Thermo-responsive release of diclofenac sodium from poly (?-caprolactone)/glyceryl trilaurate co-continuous composite prepared by heat treatment

Nowadays, it is still a tough challenge to prepare thermo-responsive drug delivery system without the use of poly (N-isopropylacrylamide) (PNIAPAM) and its derivatives. Herein, we attempted to fabricate a novel co-continuous composite with thermo-responsive drug release behavior induced by the phase transition of dispersed phase. Poly (epsilon-caprolactone) (PCL) scaffold with connected porous structure was prepared first, followed by the introduce and impregnating of diclofenac sodium/glyceryl trilaurate (DS/C12) hot melt mixture. After solidification at 25 degrees C, PCL/C12 composites with co-continuous structure were obtained. The connected porous structure of PCL scaffold and morphology of PCL/C12 composites were confirmed by scanning electron microscope.
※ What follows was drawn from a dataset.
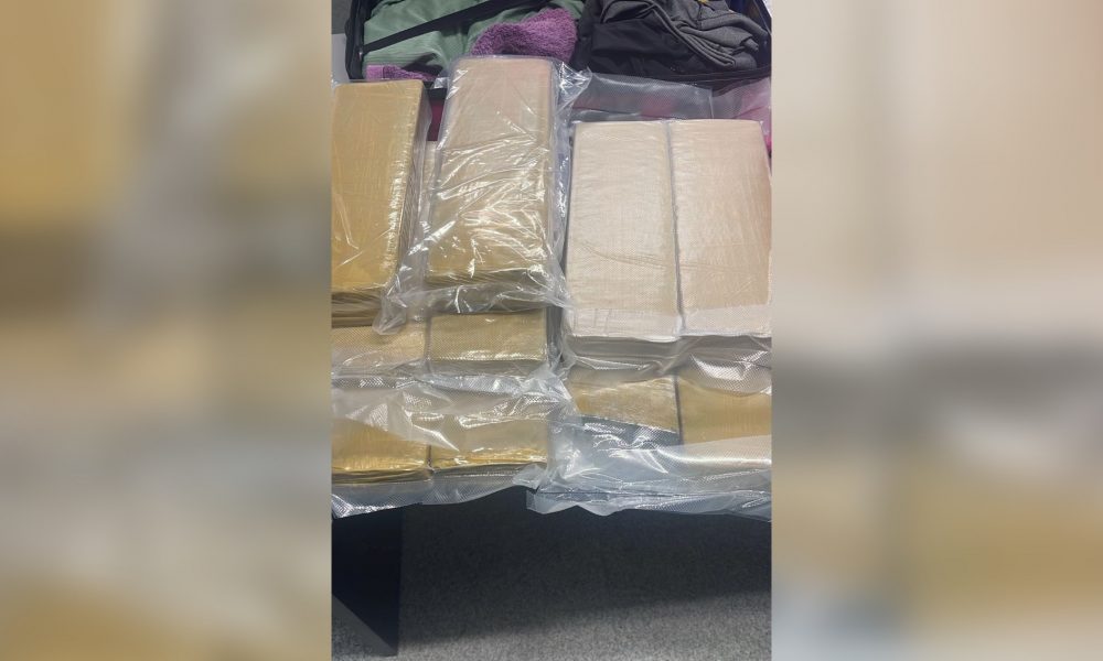 Os policiais encontraram 10,20 kg de maconha aproximadamente, divididos em tabletes e embalados a vácuo, escondidos na bagagem.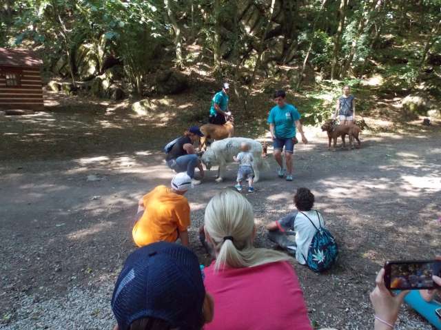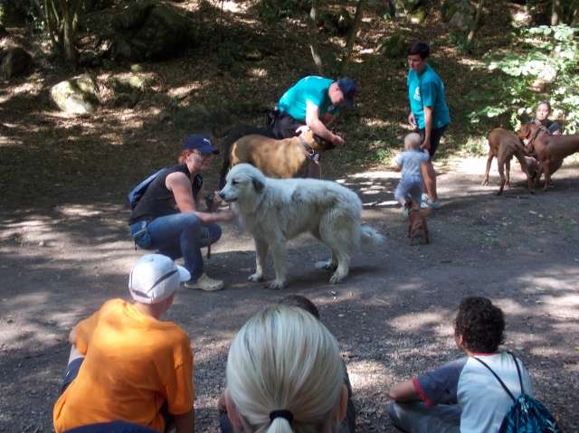 U Karkulky jsme zakotvili a dobrovolníci dětem předvedli něco málo z dovedností pejsků. Hrou se děti seznamovaly s chováním psů. Např., jak se chovat při setkání s cizím psem, jak reagovat na agresivní psy a získaly spoustu dalších zajímavých informací. V neposlední řadě se mohly s pejsky projít, pomazlit a dokonce si s nimi i zasoutěžit.

The thermoresponsive drug release mechanism of PCL/C12 composites was investigated by differential scanning calorimeter and two-dimensional infrared correlation spectroscopy. The results indicated that the temperature of onset melting and melting point of C12 was about 41.5 degrees C and 47.5 degrees C, respectively. When the temperature was switched from 37 degrees C to 45 degrees C, C12 underwent a melt transition, and the regular aggregation of C12 molecular chain was disrupted, accelerating the release of DS. The in vitro release results presented that PCL/C12 composites could achieve on-off controlled release of DS under alternative temperature of 45 degrees C and 37 degrees C. According to the comprehensive test results, this PCL/C12 composites should have promising application in bone tissue engineering.

Automated summary

A novel thermo-responsive drug release material was fabricated in this study, achieving controlled release of drugs by changing temperature. The experimental results showed that this material can accelerate drug release at specific temperatures, indicating its potential application in bone tissue engineering.